The increase in Loans granted to Sonaecom SC resulted from the fact that the Company concentrated in itself all the debt of the Group and internal funding movements are used to allocate cash between the subsidiaries.
The movement in the caption 'Accumulated impairment losses' is due to the reinforce performed during the semester in the amount of Euro 4,573,720 (Notes 13 and 15), and due to the transfers from the caption 'Investments in group companies' (Notes 5 and 13).
As the loans granted to group companies, as well, the Supplementary capital do not have a defined maturity, no information about the aging of those loans is presented.

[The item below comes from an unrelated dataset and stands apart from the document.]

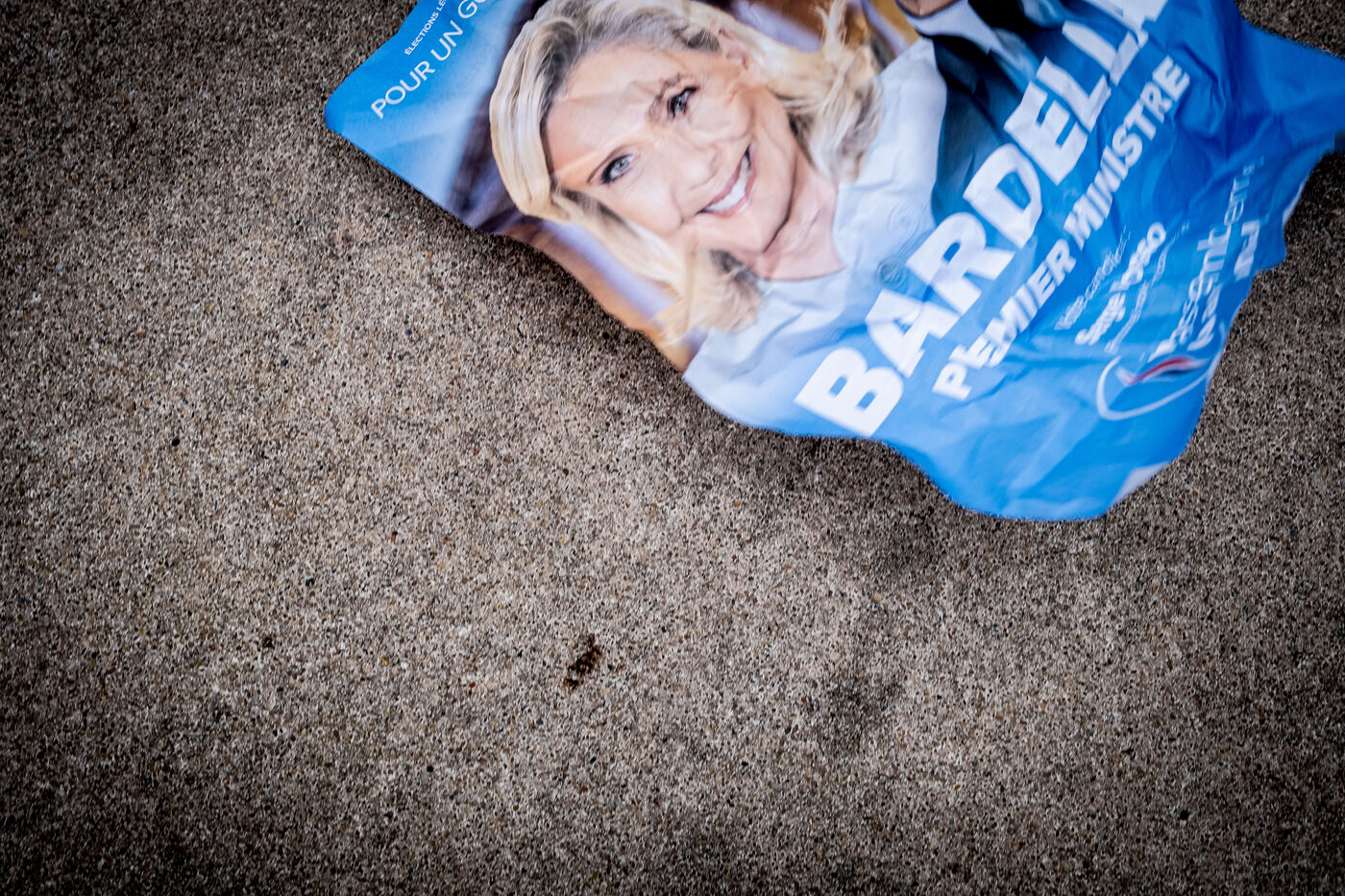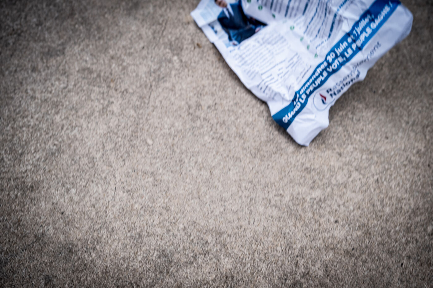 Rassemblement National candidate's, Jordan Bardella, crumpled electoral leaflet.

| The detail of deferred tax assets by nature at 30 June 2008 was as follows: | |
|---|---|
| Year which were originated |
Tax losses | Adjustments to IAS/IFRS |
Provisions not acceptable for tax purposes |
Total | Deferred tax assets |
|---|---|---|---|---|---|
| 2001 | - | - | 3,463,000 | 3,463,000 | 917,695 |
| 2002 | 23,608,725 | - | 11,431,819 | 35,040,544 | 8,931,613 |
| 2003 | - | - | 31,154,781 | 31,154,781 | 8,256,017 |
| 2004 | - | - | 9,662,981 | 9,662,981 | 2,560,690 |
| 2005 | 2,176,736 | - | (3,033,899) | (857,163) | (259,799) |
| 2006 | 24,341,554 | (257,438) | (149,858) | 23,934,258 | 5,977,455 |
| 2007 | 54,563,604 | 81,031 | (537,036) | 54,107,599 | 13,520,060 |
| 2008 | - | 43,500 | 4,573,720 | 4,617,220 | 1,223,564 |
| 104,690,619 | (132,907) | 56,565,508 | 161,123,220 | 41,127,295 | |
Following a conservative approach and because its recovery is uncertain, the Company did not recognise the deferred tax assets related to the tax losses carried forward, as well as the deferred tax assets related to temporary differences in the total amount of Euro 41,127,295.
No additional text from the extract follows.